_What the task requires:_
Only the lines from the one with "A Sopron Lady" through the last line of the records below belong in your answer, reproduced exactly and with the pictures left out.

_Saved data entries:_
************

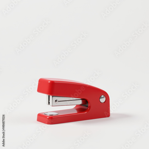 Red stapler with modern design on plain white background, showcasing sleek and minimalistic look, perfect for office or home use, with smooth finish and metallic parts for durability
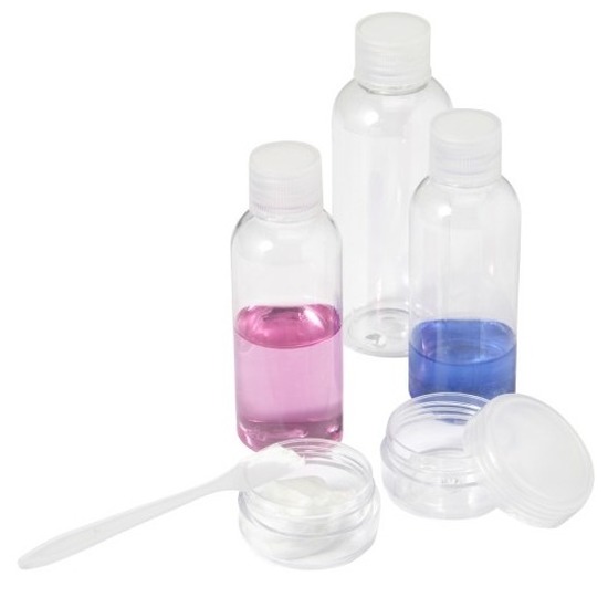 2x Navulbare reisflesjes/reisflacons 6-delige set in transparante etui. Deze reisset bestaat uit twee flesjes a 100ml, twee flesjes a 50ml en twee containers a 10ml. Inclusief een kleine lepel. Afmeting etui: ca. 20 x 19 x 3,3 cm. Handbagage accessoires reisflesjes transparant voor in het vliegtuig. U ontvangt 2 6-delige reissetjes.
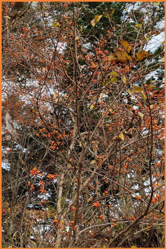 葉っぱが全て落ちた木が、ツルウメモドキでオレンジ色に染まってました🌕️🌕️
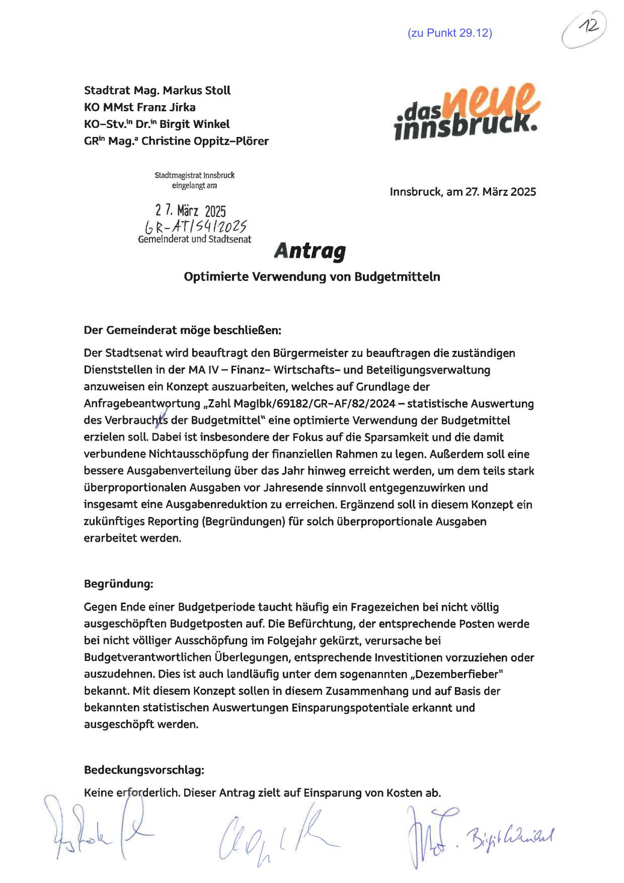 Der Stadtsenat wird beauftragt den Bürgermeister zu beauftragen die zuständigen
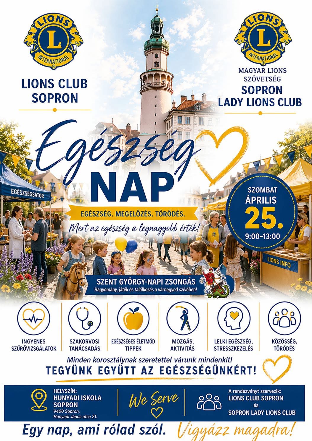 A Sopron Lady Lions Club és a Lions Club Sopron szervezésében szűrőbusz érkezett a Hunyadi János Evangélikus Óvoda, Általános Iskola és AMI épületéhez 2026. április 25-én, az iskola Szent György-napi Zsongás programjának részeként. Az ingyenes szűrések célja, hogy könnyen elérhető lehetőséget biztosítsanak a lakosság számára egészségi állapotuk ellenőrzésére, valamint megelőző tanácsok nyújtására. A program keretében szemészeti szűrés, vércukorszint-mérés, vérnyomásmérés, életmód- és inkontinencia tanácsadás volt elérhető. A gyerekeknek az iskola által szervezett programokon túl rendőrségi és tűzoltósági járművek megteknitésére és kipróbálására volt lehetőségük.
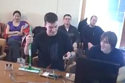 for the etch-a-sketch, and we added sensors to a swiffer (accelerometer, button, and a pressure pad) for our
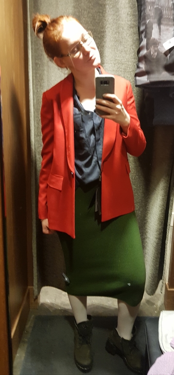 Зеленый, красный супер..последний образ мне не очень юбка явно полнит и не украшает ...рубашка очень темная..
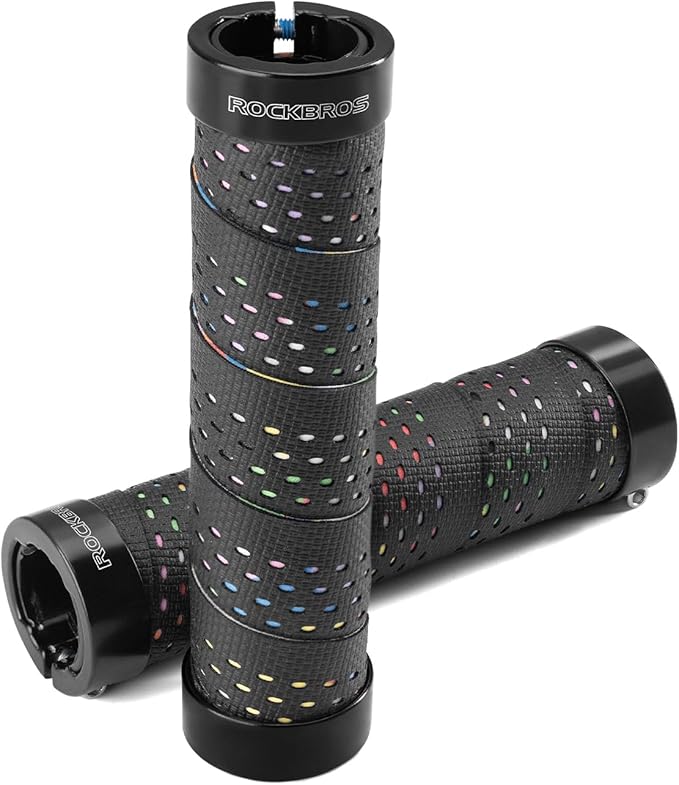 ROCKBROS(ロックブロス)自転車 グリップ クロスバイク対応 ロックオン式 シリコン素材 滑り止め 吸汗 快適 レインボーテープ風 22.2mm 六角レンチ付き ハンドルグリップ 黒/白
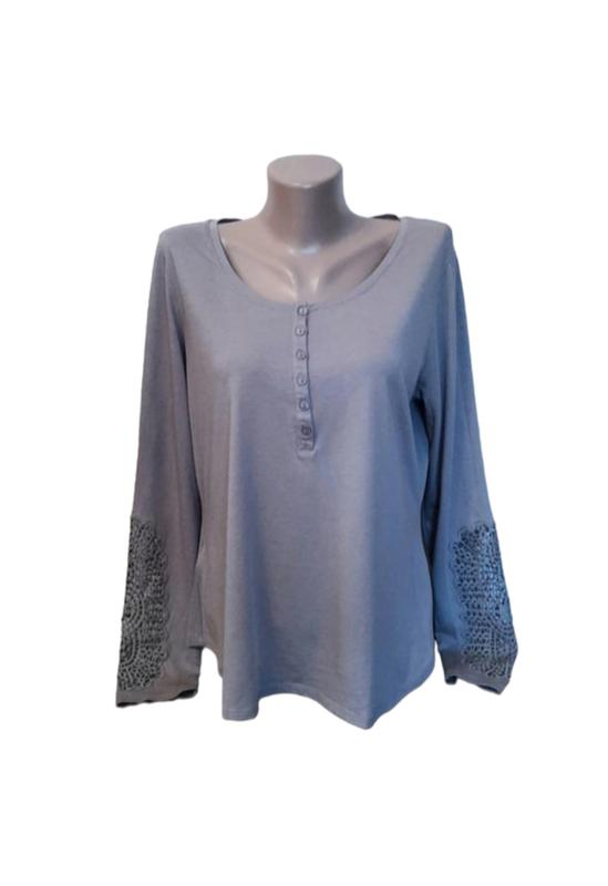 Кофта цвета кофе с молоком. Кружево на рукавах. Состав : 60% модал (вискоза из буковой или эвкалиптовой древесины), 40% хлопок. Длина - 61 см, ширина под руками - 50 см, длина рукава - 62 см.

************

_Response:_
 A Sopron Lady Lions Club és a Lions Club Sopron szervezésében szűrőbusz érkezett a Hunyadi János Evangélikus Óvoda, Általános Iskola és AMI épületéhez 2026. április 25-én, az iskola Szent György-napi Zsongás programjának részeként. Az ingyenes szűrések célja, hogy könnyen elérhető lehetőséget biztosítsanak a lakosság számára egészségi állapotuk ellenőrzésére, valamint megelőző tanácsok nyújtására. A program keretében szemészeti szűrés, vércukorszint-mérés, vérnyomásmérés, életmód- és inkontinencia tanácsadás volt elérhető. A gyerekeknek az iskola által szervezett programokon túl rendőrségi és tűzoltósági járművek megteknitésére és kipróbálására volt lehetőségük.
 for the etch-a-sketch, and we added sensors to a swiffer (accelerometer, button, and a pressure pad) for our
 Зеленый, красный супер..последний образ мне не очень юбка явно полнит и не украшает ...рубашка очень темная..
 ROCKBROS(ロックブロス)自転車 グリップ クロスバイク対応 ロックオン式 シリコン素材 滑り止め 吸汗 快適 レインボーテープ風 22.2mm 六角レンチ付き ハンドルグリップ 黒/白
 Кофта цвета кофе с молоком. Кружево на рукавах. Состав : 60% модал (вискоза из буковой или эвкалиптовой древесины), 40% хлопок. Длина - 61 см, ширина под руками - 50 см, длина рукава - 62 см.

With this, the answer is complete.